Она отложила вышивание и посмотрела на меня. В ее глазах промелькнуло беспокойство, на лицо набежала тень.
– Филипп, дорогой, я ведь сказала, что не хочу говорить сейчас о будущем. Вы только что оправились после опасной болезни, еще не время строить планы. Даю вам слово, что не покину вас, пока вы окончательно не поправитесь.
– Но зачем вообще надо уезжать? – настаивал я. – Вы здесь своя. Это ваш дом.
– У меня есть еще и вилла, – сказала она, – много друзей и жизнь… там, далеко. Да, я знаю, она не похожа на здешнюю, но я к ней привыкла. Я провела в Англии восемь месяцев и чувствую, что мне снова пора сменить обстановку. Будьте благоразумны, постарайтесь понять.
– Наверное, я ужасный эгоист, – медленно проговорил я. – Я не подумал об этом.
Значит, придется смириться с тем, что она пожелает делить время между Англией и Италией, и, поскольку я буду вынужден поступать также, надо заняться поисками управляющего, чьим заботам можно вверить имение.
– Может быть, крестный кого-нибудь знает, – вслух подумал я.
– Кого-нибудь? Для чего? – спросила она.
– Как для чего? Чтобы принять управление имением на время нашего отсутствия, – ответил я.
– Едва ли это необходимо, – сказала она. – Вы пробудете во Флоренции не больше нескольких недель, если приедете. Хотя, возможно, она вам так понравится, что вы решите задержаться. Весной Флоренция прекрасна.
– К черту весну, – сказал я. – Когда бы вы ни решили отправиться, я поеду с вами.
И опять на ее лице тень, в глазах – смутное опасение.
– Мы вернемся к этому, – сказала она, – посмотрите, уже начало десятого, вы еще не засиживались так поздно. Позвать Джона или вы сами справитесь?
– Не надо никого звать.
Я медленно поднялся с кресла – у меня почему-то ослабели ноги, – опустился рядом с ней на колени и обнял ее.
– Это просто невыносимо, – сказал я, – моя комната… одиночество… а вы так близко, в нескольких шагах по коридору… Может быть, сказать им?
– Сказать? О чем? – спросила она.
– О том, что мы обвенчались, – ответил я.
Она сидела, замерев в моих руках, не вздрогнула, не шелохнулась.
Казалось, она окоченела, словно жизнь и душа отлетели от нее.

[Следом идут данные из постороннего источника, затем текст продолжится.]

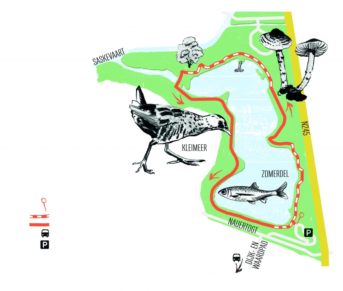 Het water van de Zomerdel wordt omzoomd door rietkragen, in de luwte erachter liggen zwembaaien. Bij baai nummer vijf vallen in een hooilandje de gele bloemen van heelblaadjes op. Hogere ruigtekruiden als guldenroede en koninginnenkruid groeien aan de voet van een heuvel waar je goed uitzicht op de oever van het meer hebt. Het riet kleurt al een beetje oranjebruin, en het zal niet lang meer duren voor alle groen is verdwenen. Op het meest noordelijke puntje van de wandeling staan voor een paviljoen grote abelen. Op een daarvan landt een argusvlinder op de bijna witte stam om zich te warmen aan het zonlicht. Op een steiger tegenover het paviljoen drogen aalscholvers hun gespreide vleugels, kuifeenden dobberen voor hen langs. Vanuit een beschut haventje klinkt het gehinnik van een dodaars. Een smal, niet zo officieel pad leidt een rietveld in om bij een solitaire schietwilg op een grasveld weer bij de ‘officiële route’ uit te komen. Na het beklimmen van de heuvel erachter zijn aan de horizon de beboste duinen bij Schoorl te zien. En de Saskevaart, die het Geestmerambacht verbindt met het Noordhollandsch Kanaal. Op het fietspad op de voorgrond staan in het beton de pootafdrukken van een kraai, als een modern fossiel.
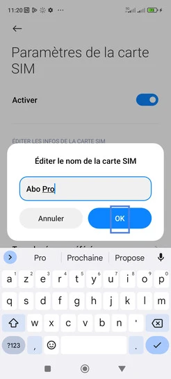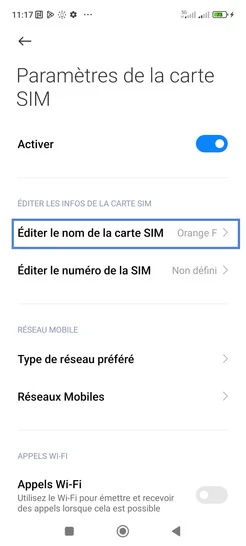 Nommer une carte Sim

– О Боже… – прошептала она; затем положила руки мне на плечи и посмотрела в глаза:
– Что вы имеете в виду, Филипп?
В голове у меня застучало, будто проснулось запоздалое эхо боли, мучившей меня последние недели. Удары раздавались все глубже, глубже, и с ними пришел страх.

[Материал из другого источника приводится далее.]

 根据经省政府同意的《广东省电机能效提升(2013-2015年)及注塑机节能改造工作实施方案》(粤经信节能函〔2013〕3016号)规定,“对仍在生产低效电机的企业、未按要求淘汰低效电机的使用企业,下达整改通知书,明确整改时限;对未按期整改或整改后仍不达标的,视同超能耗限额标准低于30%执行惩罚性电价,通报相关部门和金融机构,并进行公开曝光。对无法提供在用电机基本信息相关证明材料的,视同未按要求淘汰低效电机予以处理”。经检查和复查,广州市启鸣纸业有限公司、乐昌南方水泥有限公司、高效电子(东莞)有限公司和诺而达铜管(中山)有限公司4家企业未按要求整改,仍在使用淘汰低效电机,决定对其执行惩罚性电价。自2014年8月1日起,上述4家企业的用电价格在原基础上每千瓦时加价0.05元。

– Скажите слугам, пожалуйста, – попросил я. – Тогда я могу оставаться с вами, и в этом не будет ничего неестественного, ничего предосудительного – ведь мы обвенчались…
Я увидел выражение ее глаз, и голос мой замер.
– Но, Филипп, дорогой, мы не обвенчались! – сказала она.
Что-то лопнуло у меня в голове.
– Обвенчались, – сказал я, – разумеется, обвенчались. Неужели вы забыли?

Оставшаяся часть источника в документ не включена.